Classification in Early Fire Detection Using Transfer Learning Based on Multi-Sensor Nodes ^†

Abstract

Multi-sensor data from a small laboratory setup was used to create a new feature space with linear discriminant analysis (LDA) to improve the classification of different fire materials. The LDA parameters were applied to a real room dataset to evaluate classification models. Data transformation using LDA improved the classification rate by up to 17% compared to principal component analysis (PCA) approaches used in previous studies.

1. Introduction

The advantages of multi-sensor approaches for early fire detection over traditional smoke detectors have been extensively discussed in the previous literature.

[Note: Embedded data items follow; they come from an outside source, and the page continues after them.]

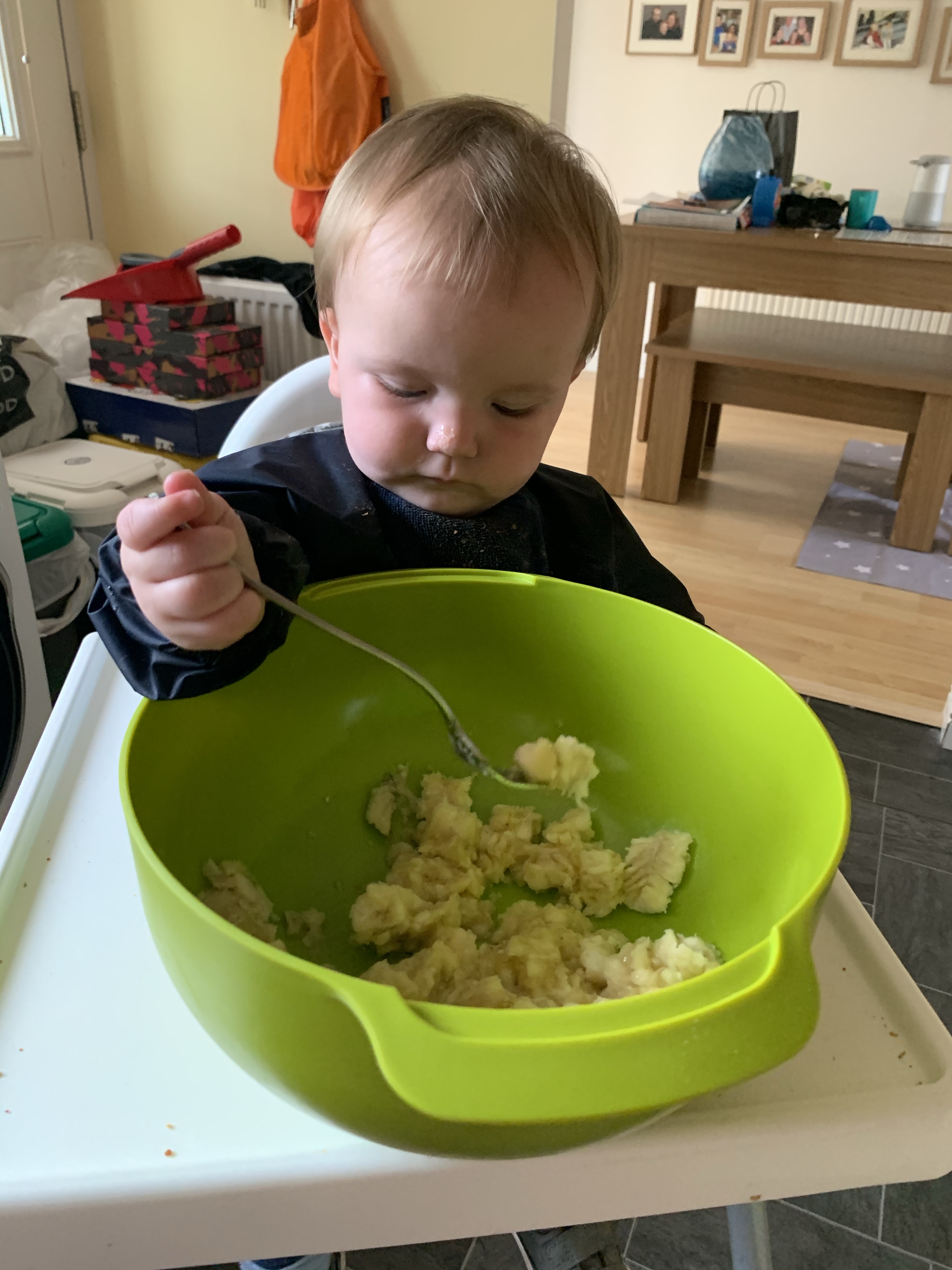 Every week we do baking together. We both love to bake and he learns some key skills such as mixing egg and learning his numbers. I have also now braved paints with him, where I can teach him colours and he can get his Jackson Pollock on! James has discovered stickers now. So as you can imagine stickers will be placed over us in the future. I do have imaginative play with James. In fact I built a castle last week with cardboard boxes. Some of this is still standing and he loves it. No technology is involved in these activities, well, minus Alexa blasting show tunes.
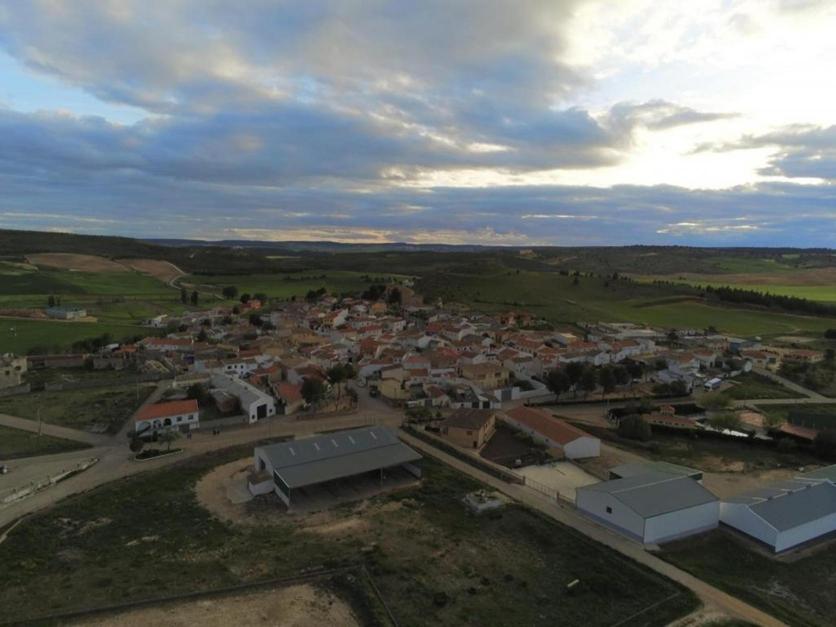 Vista aérea del pueblo entrando desde Villalgordo del Marquesado, ALCONCHEL DE LA ESTRELLA
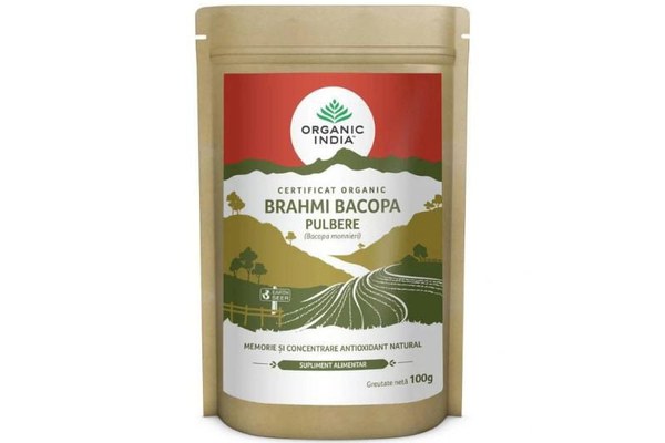 ORGANIC INDIA Brahmi Bacopa Pulbere Memorie si Concentrare Antioxidant Natural 100g este un produs 100% Certificat Organic si nu contine organisme modificate genetic. Nu contine si nu sunt folosite in niciun stagiu al productiei pesticide sintetice, erbicide, ingrasaminte sau alte tratamente chimice.Bacopa monnieri, cunoscuta si ca Brahmi, isop de apa si planta a gratiei, este o planta de baza in medicina traditionala Ayurveda. Creste in medii umede, tropicale. Bacopa monnieri a fost folosita de secole de catre specialistii Ayurveda pentru o varietate de beneficii, precum imbunatatirea memoriei, reducerea anxietatii si tratarea epilepsiei. Cercetarile moderne arata ca poate stimula functia creierului si poate atenua anxietatea si stresul. Se crede ca de aceste beneficii este responsabila o clasa de compusi chimici naturali numiti bacozide.
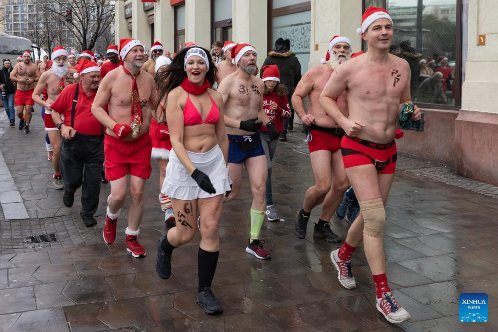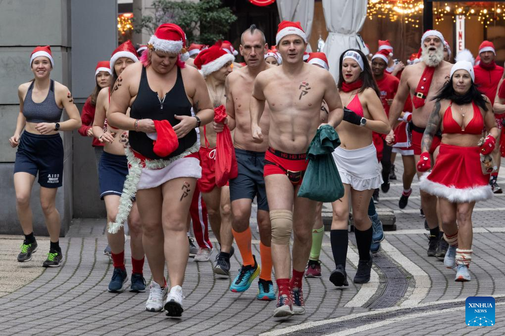 People participate in the 20th Santa Speedo Run to celebrate Christmas and support charity in Budapest, Hungary on Dec. 10, 2023. (Photo by Attila Volgyi/Xinhua)
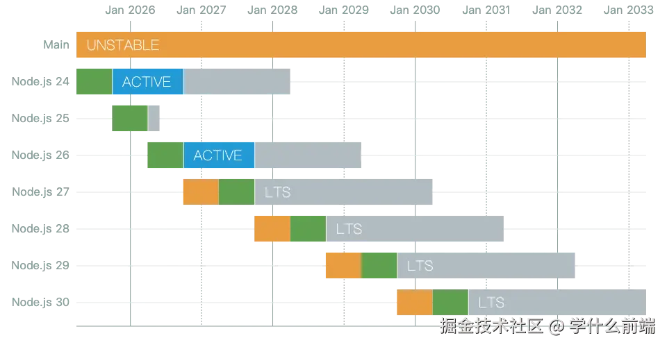 Node.js26 依然遵循旧的发布模式,在 2026 年 10 月进入 LTS,维护到 2029 年 4 月;是旧模式的最后一个版本。

Apart from the temporal aspect of early detection, distinguishing between various types of fire materials and events can offer additional information to first responders, e.g., the character and precise location of the fire source.

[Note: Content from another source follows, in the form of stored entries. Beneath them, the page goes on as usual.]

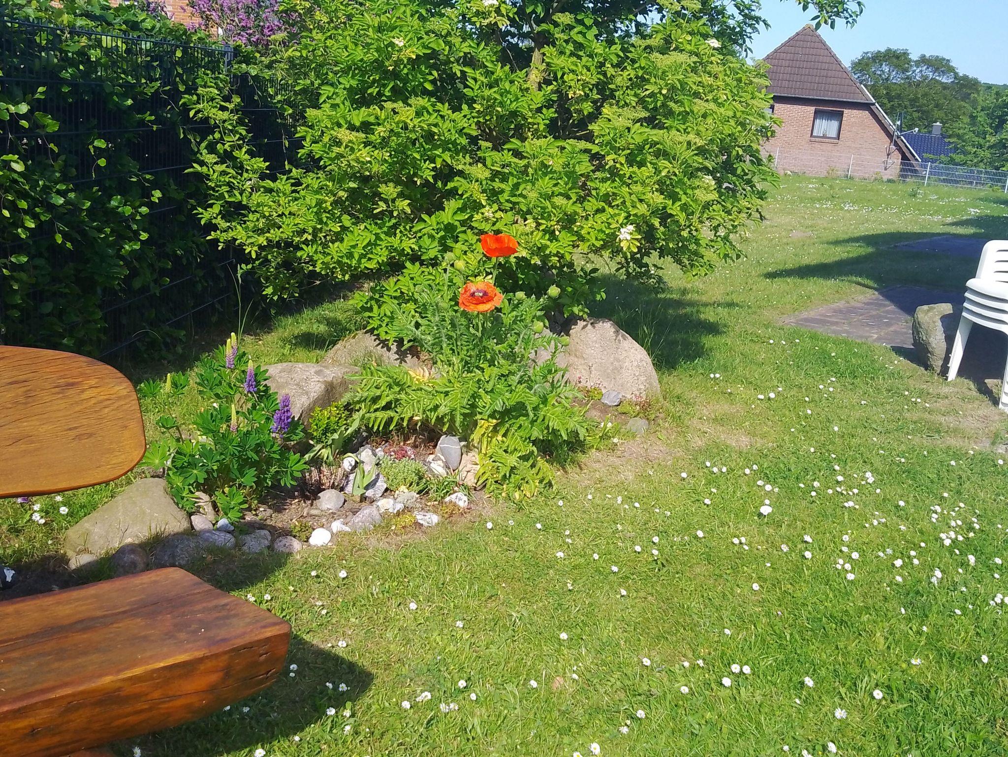 Dem Wohnzimmer ist eine gut ausgestattete Küchenzeile und ein Essplatz angeschlossen sowie ein Schlafsofa für bis zu 2 Personen.Im Schlafzimmer steht ein Doppelbett (1,80x2,00). Der Garten hinter den beiden Ferienhäusern steht allen Gästen gemeinsam zur Verfügung. Gartenmöbel im Treppenhaus und im Keller können genutzt werden.
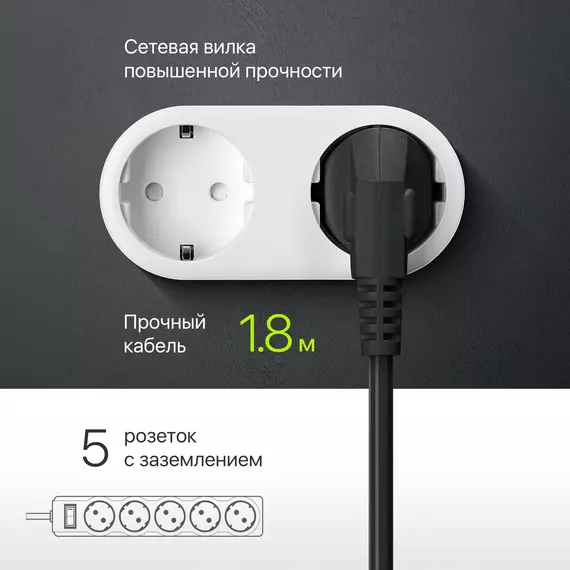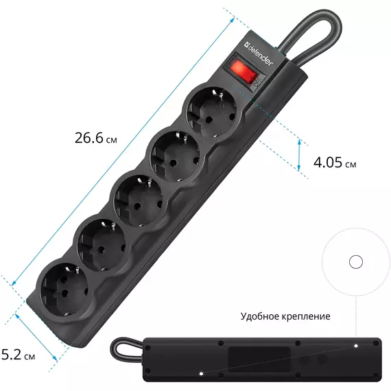 | Особенности | Автоматический предохранитель, встроенный в выключатель. Защита от перегрузки и короткого замыкания. Защита от импульсных помех. Индикатор сети. Крепление на стену. Корпус из негорючего пластика. |
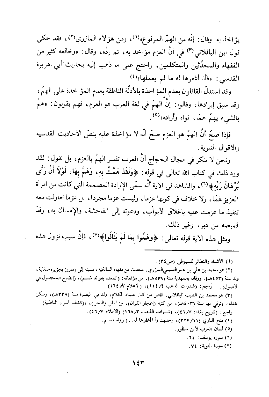 ونحن لا ننكر في مجال الحجاج أنَّ العرب تفسر الهم بالعزم، بل نقول: لقد ورد ذلك في كتاب الله تعالى في قوله: {وَلَقَدْ هَمَّتْ بِهِ وَهَمَّ بِهَا لَوْلَا أَنْ رَأَى بُرْهَانَ رَبِّهِ} (¬6)، والشاهد في الآية أنه سمّى الإِرادة المصممة التي كانت من امرأة العزيز هما، ولا خلاف في كونها عزما، وليست عزما مجردا، بل عزما حاولت معه تنفيذ ما عزمت عليه بإغلاق الأبواب، ودعوته إلى الفاحشة، والإِمساك به، وقد قميصه من دبر، وغير ذلك.
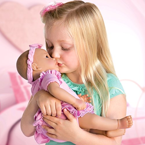 16"baby powder scented vinyl play doll comes ruffled knit dress
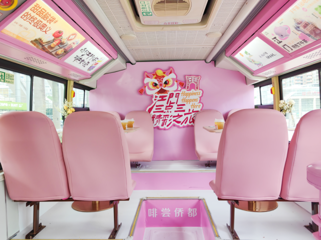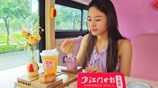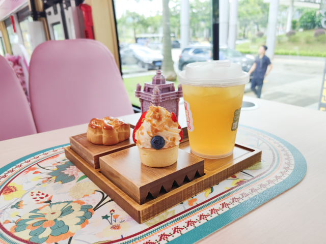 记者1日在五邑华侨广场见到,三点三下午茶公交旅游专线(蓬江&江海线)停在中国侨都华侨华人博物馆旁,等待发车。车子的装饰均以粉色为主,颜值高又“吸睛”。车厢内部进行了升级改造,由原来配置的座椅改成舒适座椅,搭配餐桌,车身上还有诸多江门的元素。发车时间一到,车子缓缓使出中国侨都华侨华人博物馆,沿着既定线路行驶。记者坐在车里看着窗外沿途的风景,喝着饮茶,尝着甜点,体验感不错。

Prior research has demonstrated the efficacy of utilizing multi-sensor approaches to differentiate between various fire materials based on their distinct “smell prints”. Nevertheless, these studies were restricted in their training and validation data, either confined to a single-room environment [1] or limited to a binary output (fire/no fire) when utilizing data from different room settings [2].

As generating fire data in real room environments can be prohibitively expensive, there is a pressing need to investigate how data from small-scale laboratory setups can be effectively transferred to real rooms. In this study, we employed LDA for supervised feature extraction from laboratory sensor data, using CO, H₂, VOC, and particulate matter (PM) as early fire indicators. Subsequently, we validated the classification models derived from these extracted features at different positions within a large-scale room using various distributed sensor nodes.

2. Materials and Methods

Multiple sensor nodes, each containing an SPS30, SVM40, CO/MF-1000, UST6xxx, SCD40, and a SGP40 sensor measuring CO₂, CO, H₂, PM, VOC, and air temperature, were used for data acquisition. A gassing cabinet served as the small-scale setup, where three sensor nodes were exposed to different fire loads of fuses, cable isolation, candle wax, and wood. In the large-scale setup, a non-ventilated fire test room with dimensions of 7 × 10 × 4 m³ was used, with the fire source located in the center of the room and nine distributed sensor nodes around the source.

The sensor data were processed as shown in Figure 1. The LDA as well as the scaler were fitted on the small-scale training dataset. The transformation parameters were used to transform both the training dataset and the large-scale dataset into the same feature space. Based on three LDA components derived from the training dataset, different classification models were trained and validated on different sensor node positions from the large-scale setup.

3. Discussion

Figure 2 shows the performance of a Support Vector Machine (SVM) classifier trained and validated as mentioned above.

Despite the challenges of differentiating between different types of fires and transferring from the laboratory to a large-scale environment—a combination that has not been previously attempted—we were able to improve the classification rate by up to 17% compared to previous methods reported in the literature. A comprehensive evaluation of the input features, scaling methods, and sensor node positions used for validation will be presented at a future conference.